Probing Dark Sector CP Violation with Electric Dipole Moments and Colliders

TL;DR

This paper investigates how dark sector CP violation, mediated through a Higgs portal and a new Z' gauge boson, can be constrained by electron EDM measurements and collider experiments, impacting models of electroweak baryogenesis.

Contribution

It provides explicit calculations of two-loop contributions to the electron EDM from dark sector CP violation and assesses collider constraints on baryogenesis models involving a Z' gauge boson.

Findings

Electron EDM constraints are comparable to collider searches for certain operators.

Collider data from B-factories exclude some baryogenesis scenarios below 10 GeV Z' mass.

Future electron-positron colliders could probe a wide range of Z' masses relevant for baryogenesis.

Abstract

We study the experimental constraints on dark sector CP violation that enters the visible sector through a Higgs portal coupling $H^{\dagger} H Z^{\prime}_{\mu\nu} \widetilde Z^{\prime \mu\nu}$, where the $Z^{\prime}$ is from a new U(1) gauge symmetry which is assumed to couple to lepton number. We compute explicitly the leading two-loop contribution of this effective operator to the electron electric dipole moment (EDM) and show that the resulting constraints are comparable to those from direct $Z^{\prime}$ searches at electron-positron colliders when the effective operator is generated at tree level.

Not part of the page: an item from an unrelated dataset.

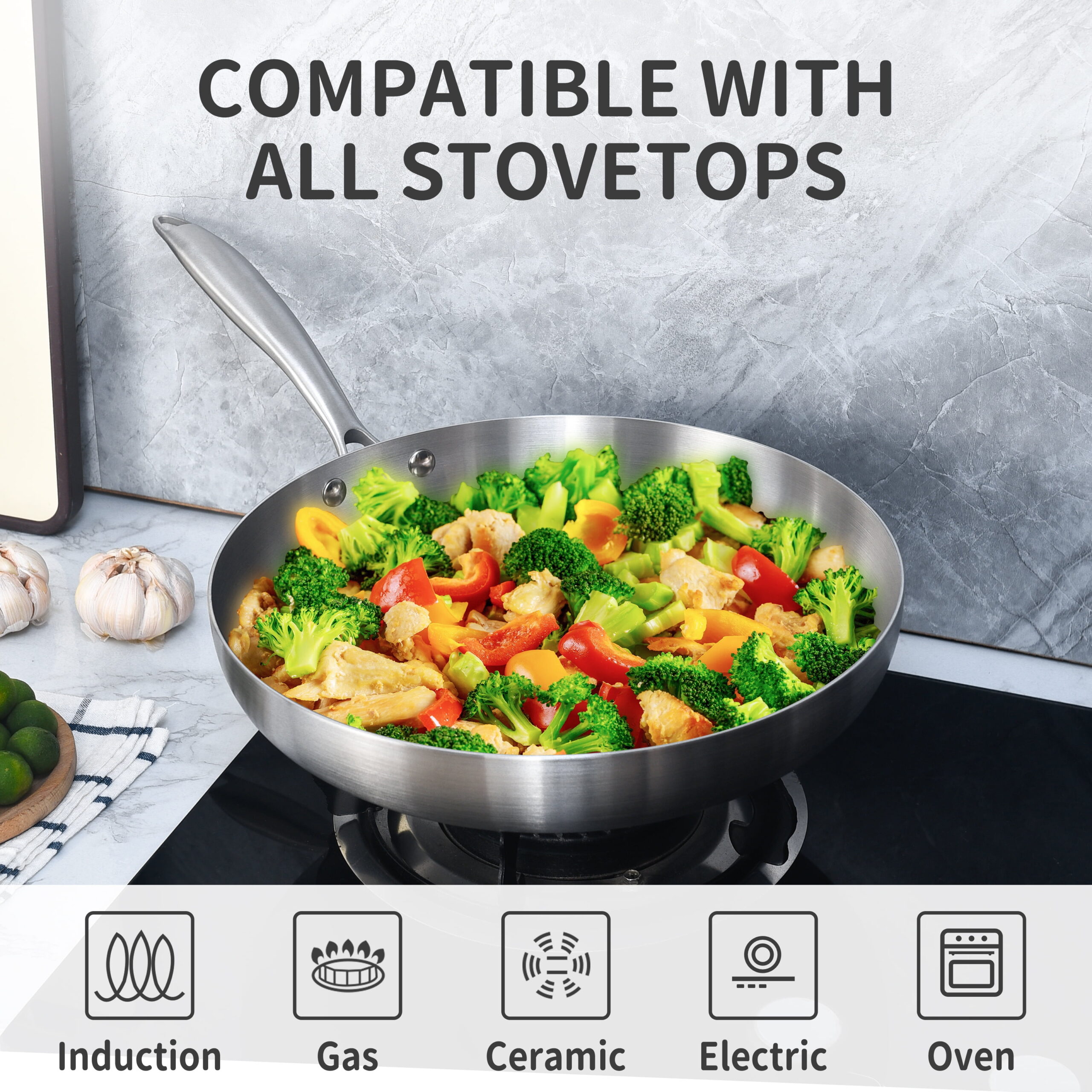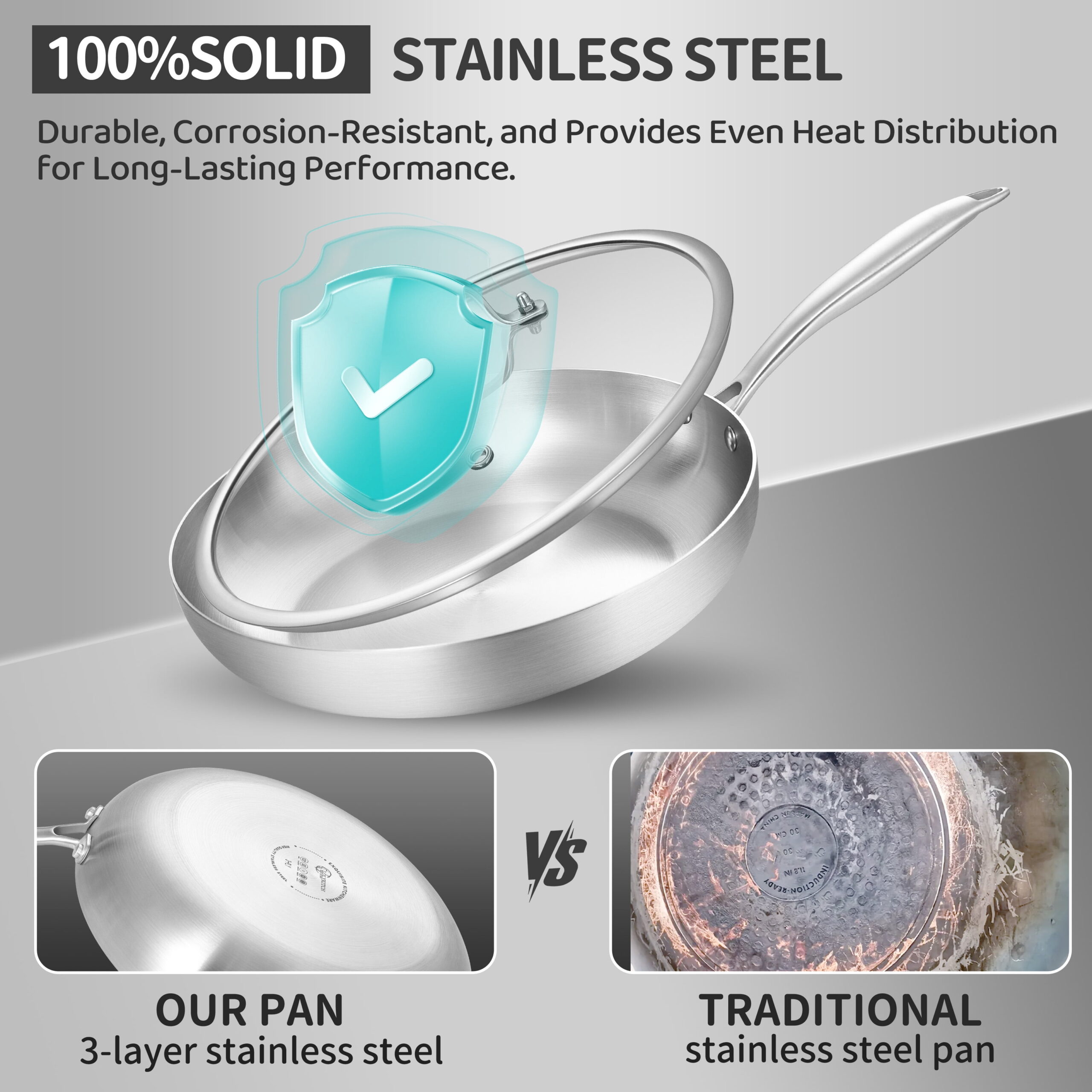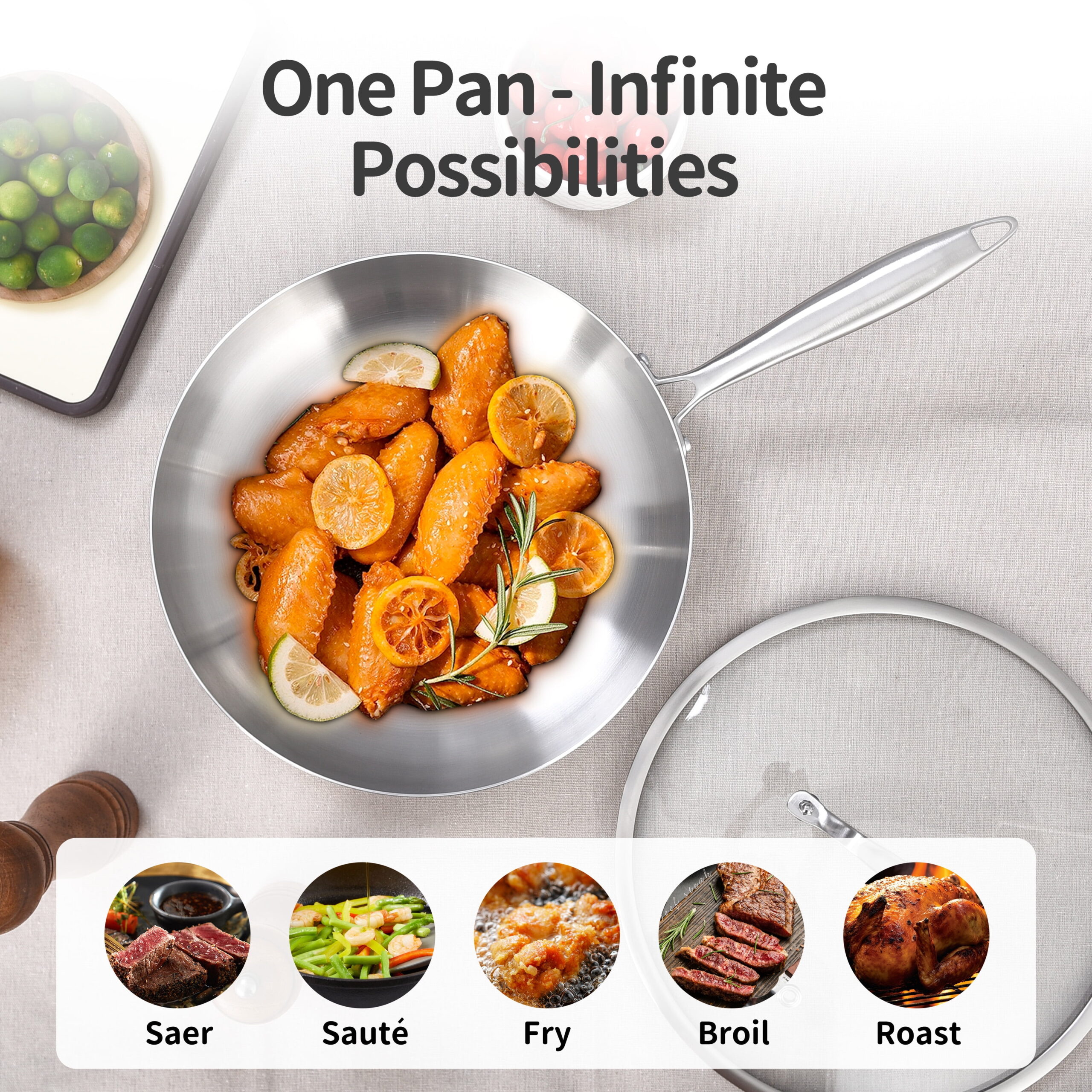 Durable Construction: Features a tri-ply clad design with a pure aluminum core bonded between two layers of durable stainless steel, ensuring excellent durability and even heat distribution.

We also examine an explicit UV completion for this effective operator that was first introduced to achieve electroweak baryogenesis and show that collider constraints from $B$-factories already exclude viable baryogenesis for $Z^{\prime}$ masses below 10 GeV, and that future electron-positron Higgs factories will exclude viable baryogenesis for $Z^{\prime}$ masses up to the $e^+e^-$ center-of-mass energy if anticipated luminosities are achieved. For higher $Z^{\prime}$ masses, the full viable baryogenesis parameter space lies within six orders of magnitude of the current upper bound on the electron EDM.